How can I type hint that the return type of a method of some abstract class is some instance of this class?
My intuitive answer is that
@abstractmethod
def mymethod() -> typing.Self:
pass
should be the correct way (as suggested in this post for example). But when I now subclass from this class, the return type is restricted to the type of the child class. What is the correct way to type hint here, so every subclass of the parent class is allowed?
Example code:
from abc import ABC, abstractmethod
from typing import Self, override
import random
class DiceResult(ABC):
@abstractmethod
def reroll(self) -> Self:
pass
class NaturalTwenty(DiceResult):
@override
def reroll(self) -> DiceResult: # Type checkers report an error here
return random.choice([NaturalTwenty(), NaturalOne()])

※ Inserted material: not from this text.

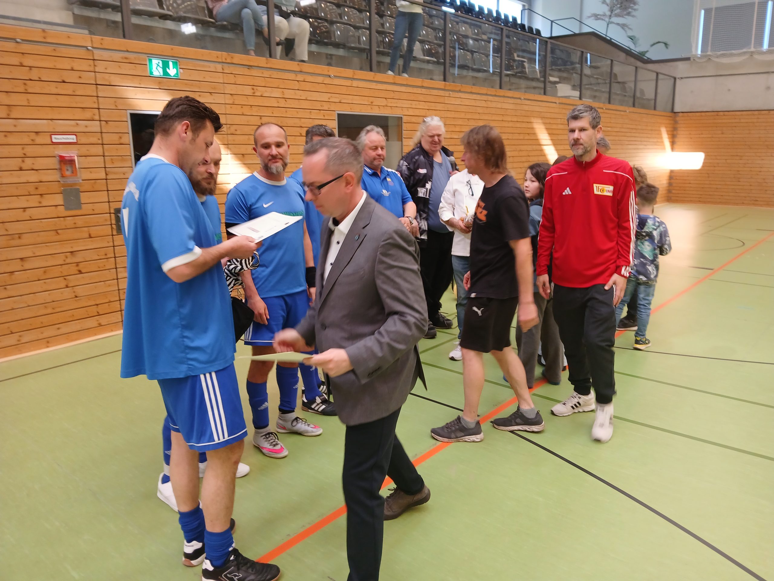 Danach entwickelt sich beim Spielstand 4:3 pro Italia bis kurz vor Abpfiff ein sehr munteres Ringen, Stirn an Stirn. Italia kann 5fach von der Bank nachlegen und versucht den KSV zu zermürben. Die furiosen 7 des KSV denken aber gar nicht an Aufgabe, spielen vielmehr munter auf und haben sogar die deutlichen besseren Chancen. Sie finden aber im gegnerischen Keeper ihren Meister und auch im Schiri… Die Verweise auf seine 2. Liga Schirikarriere unterlegt er leider nicht mit Leistung. Kurz nachdem Mario das 3:4 macht, wird er kurz vor dem Tor vom stürzenden Verteidiger per Hand von den Beinen geholt. Pfiff? Nö!

class NaturalOne(DiceResult):
@override
def reroll(self) -> DiceResult: # Type checkers report an error here
return random.choice([NaturalTwenty(), NaturalOne()])
@Schwern already explains why typing.Self does not work here in their answer.

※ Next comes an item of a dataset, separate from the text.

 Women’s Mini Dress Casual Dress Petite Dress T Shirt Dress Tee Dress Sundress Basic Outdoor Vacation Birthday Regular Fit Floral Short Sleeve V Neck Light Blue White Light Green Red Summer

This is because typing.Self always type hints the current enclosing class. If it is the subclass of another class, the type hint refers to the subclass.
To solve this, we want to use the parent class as type annotation, as in
class DiceResult(ABC):
@abstractmethod
def reroll(self) -> DiceResult:
pass
This does not work in the current python version though, as it is a forward reference. The current solution is to use a string literal instead, as in
class DiceResult(ABC):
@abstractmethod
def reroll(self) -> "DiceResult":
pass
In the future, the first version is intended to work as well, and is also already (python >= 3.7) available in __future__. It can be used as
from __future__ import annotations
class DiceResult(ABC):
@abstractmethod
def reroll(self) -> DiceResult:
pass